There’s No Wrong Way to Meditate

There's no wrong way to meditate ... and, according to Steven Leonard, creator of Freestyle Meditation and a faculty member for the Kripalu School of Yoga, there are hundreds of right ways.

Steven says that half his job as a meditation teacher is debunking people’s misconceptions about the practice. “Almost every meditation class I teach,” he says, “there are people who tell me, ‘I can’t empty my mind’ or ‘I can’t stop my thoughts.’ The first step is helping them understand that not only is stopping your thoughts not the point of meditation, it’s not even possible.”

What is the point? Whatever you want it to be, says Steven. “A broad definition of meditation is that it connects you with a quality you want to embody in your day-to-day experience,” he says. Whether you’re looking to cultivate more freedom, balance, joy, gratitude, or flow, there’s a meditation practice that will spark and nurture that quality—and it doesn’t have to involve sitting on a cushion with your eyes closed.

To explain the various approaches to meditation, Steven often uses the analogy of yoga: Different styles of yoga appeal to different personalities or bodies, and you can modify the practice to make it work for you. “As a yoga teacher, I would never push someone to do a certain variation of a posture,” he says. “I would invite them to do it in their own way and at their own pace, and give them permission to listen to their body and make adjustments.”
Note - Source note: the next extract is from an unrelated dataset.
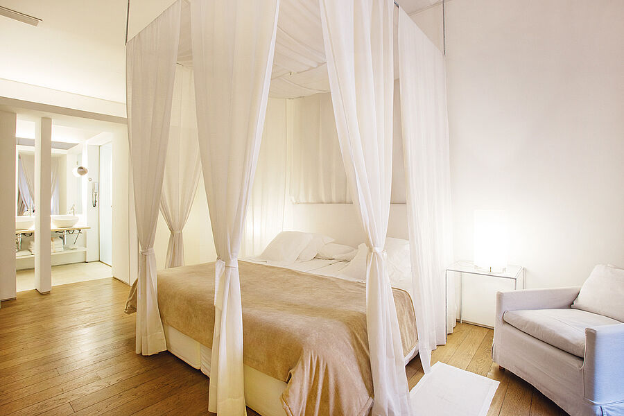 Alle Zimmer sind ganz in Weiß gehalten. Jedes ist individuell eingerichtet. Modernes Design wird mit zeitgenössischer Kunst und landestypischen Elementen wie Holzbalkendecken und Naturstein kombiniert. Einige der Refugien verfügen noch über die schönen alten Original-Kassettentüren des ehemaligen Klosters.

Thinking about meditation like this opens up a whole new, intimidation-free world. According to Steven, cooking, hiking, even petting your dog can qualify as meditation if you’re doing it with awareness and intentionality.   

When and how often you meditate is also in your court, Steven says. “Some people like to start the day with it, to help them feel grounded, and others prefer to meditate at night, to integrate the day and prepare for sleep. Midday works well for me—it gives me energy for the rest of the afternoon.” He recommends starting with just a few minutes a few times a week, and increasing as feels right.

“You get to create your own rules,” he says. “First, get clear about your intention, and then experiment to find the practice to fit that intention. For most people, the point is not to transcend the human experience, as it was for the ancient yogis, but to support our everyday lives.”

Here are five out-of-the-box meditations to try:

  1. Watch the birds. Let their colors and songs wash over you as they flash by, without trying to identify them.
  2. Move with awareness. Next time you walk to your car, do the dishes, or take out the trash, notice your thoughts and sensations as you accomplish your task.
  3. Breathe fully. Every time your phone buzzes to announce a text or email, inhale on four counts and exhale on five.
  4. Write. Do 10 minutes of meditative journaling, letting the words flow onto the page as they come to you, without editing them.
  5. Give thanks. Each day, at a set time, take a moment to name three things you are thankful for.

Steven Leonard, a Lead Faculty member at Kripalu, is a functional movement specialist, meditation educator, teacher trainer for the Kripalu School of Yoga, and a Mindful Outdoor Guide.